*Source material*:

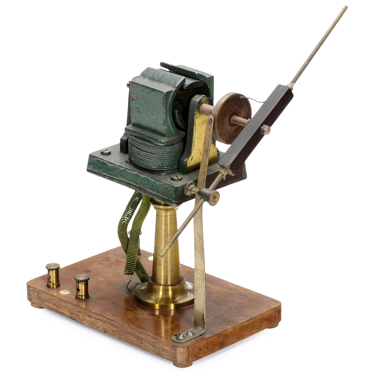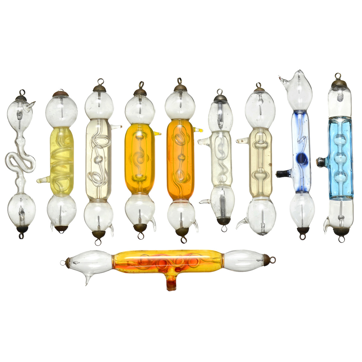 Physical demonstration model with rotating Geissler tubes, on brass pillar and walnut base, height 7 ½ in., with 10 tubes of various shapes and colors.
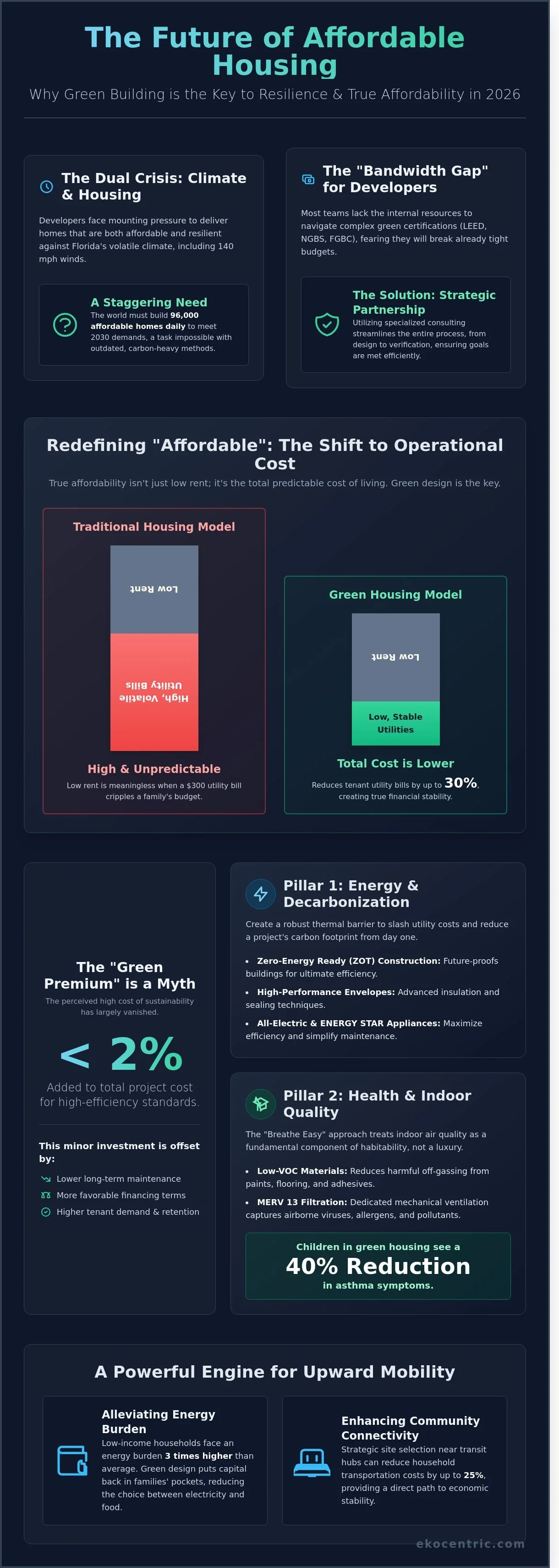 What if the perceived 20% price gap for sustainable materials is actually the key to shielding your 2026 projects from Florida’s increasingly volatile insurance premiums and rising energy costs? Most developers feel the pressure of limited bandwidth and worry that high-performance certifications will break an already tight budget. You likely agree that providing simple shelter isn't enough anymore. These homes must survive 140 mph winds and remain affordable to operate for families on fixed incomes. Integrating Green Building and Affordable Housing is no longer a luxury; it's a pragmatic strategy for long-term viability in a changing climate.
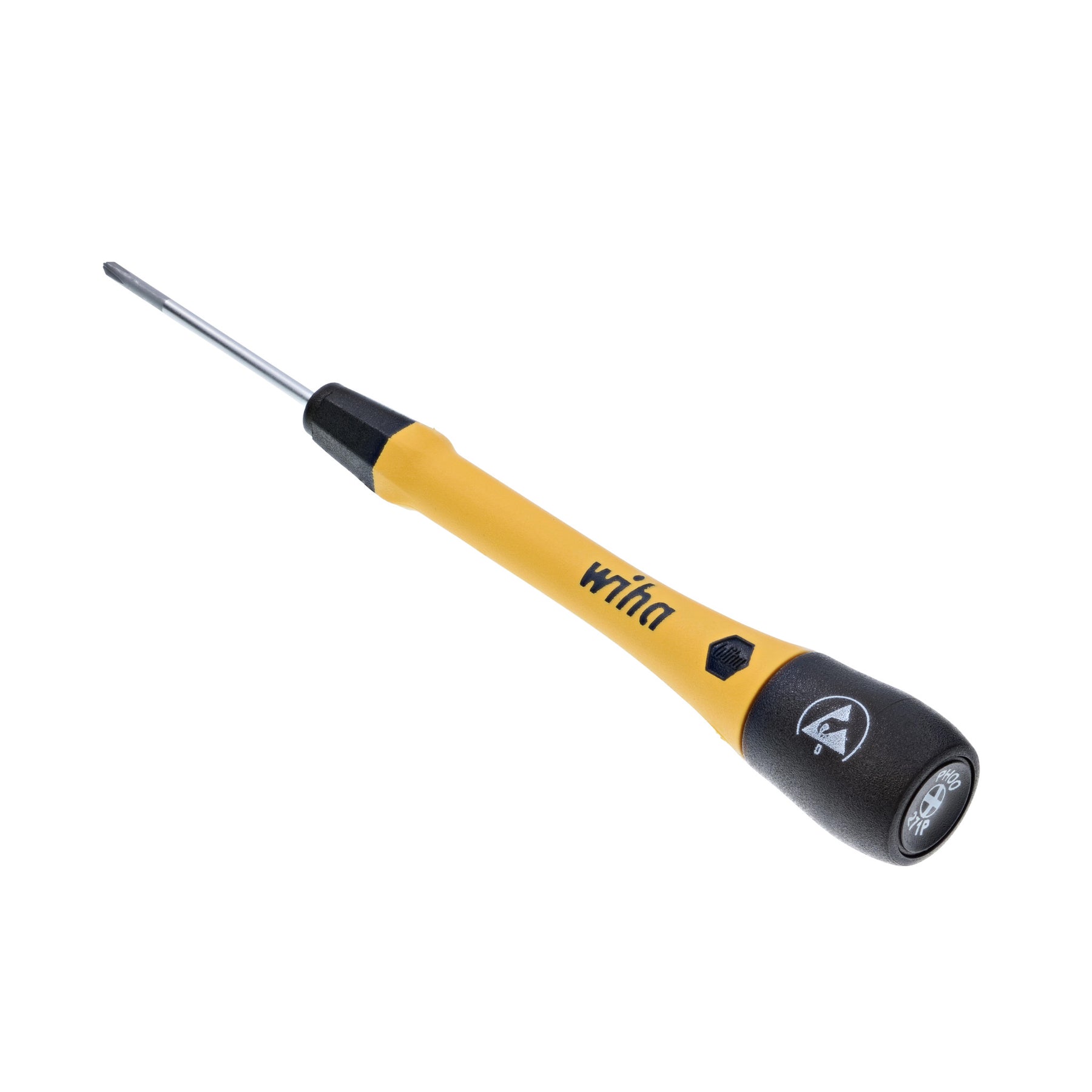 Wiha ESD Safe PicoFinish® Precision Drivers are the standard for premium quality featuring ergonomic cushion grip handles for comfort and control, dual durometer construction for long-lasting durability, and handles directly molded to the blade for a permanent bond. The PicoFinish® style includes a hex profile finger grip for precise torque and control, a tapered handle for rapid rotation, and an extra-long cap for optimal hand positions and smooth turning. The handles are sized proportionately to the blade for consistent mechanical advantage and have driver tip profiles labeled on the cap for easy identification. Wiha ESD Safe PicoFinish® Precision Drivers consist of Wiha premium quality tool steel engineered for strength and durability, have a chrome-plated satin finish for corrosion protection, and feature exact fit precision machined tips for reduced cam-out. Wiha ESD safe precision tools meet ESD Standard IEC 61340-5-1 for protecting electronic devices from electrostatic discharge and have a handle surface resistance of 106 - 109 Ohms for balanced electrostatic dissipation. Wiha premium quality ESD Safe PicoFinish® Precision Drivers are designed and engineered by Wiha Germany and manufactured in Germany. You can invest with confidence knowing that this product is backed by the Wiha No Hassle Guarantee.

*What you are asked to do*:
Return each line above word for word. Skip the pictures.

*Solution to the exercise*:
 Physical demonstration model with rotating Geissler tubes, on brass pillar and walnut base, height 7 ½ in., with 10 tubes of various shapes and colors.
 What if the perceived 20% price gap for sustainable materials is actually the key to shielding your 2026 projects from Florida’s increasingly volatile insurance premiums and rising energy costs? Most developers feel the pressure of limited bandwidth and worry that high-performance certifications will break an already tight budget. You likely agree that providing simple shelter isn't enough anymore. These homes must survive 140 mph winds and remain affordable to operate for families on fixed incomes. Integrating Green Building and Affordable Housing is no longer a luxury; it's a pragmatic strategy for long-term viability in a changing climate.
 Wiha ESD Safe PicoFinish® Precision Drivers are the standard for premium quality featuring ergonomic cushion grip handles for comfort and control, dual durometer construction for long-lasting durability, and handles directly molded to the blade for a permanent bond. The PicoFinish® style includes a hex profile finger grip for precise torque and control, a tapered handle for rapid rotation, and an extra-long cap for optimal hand positions and smooth turning. The handles are sized proportionately to the blade for consistent mechanical advantage and have driver tip profiles labeled on the cap for easy identification. Wiha ESD Safe PicoFinish® Precision Drivers consist of Wiha premium quality tool steel engineered for strength and durability, have a chrome-plated satin finish for corrosion protection, and feature exact fit precision machined tips for reduced cam-out. Wiha ESD safe precision tools meet ESD Standard IEC 61340-5-1 for protecting electronic devices from electrostatic discharge and have a handle surface resistance of 106 - 109 Ohms for balanced electrostatic dissipation. Wiha premium quality ESD Safe PicoFinish® Precision Drivers are designed and engineered by Wiha Germany and manufactured in Germany. You can invest with confidence knowing that this product is backed by the Wiha No Hassle Guarantee.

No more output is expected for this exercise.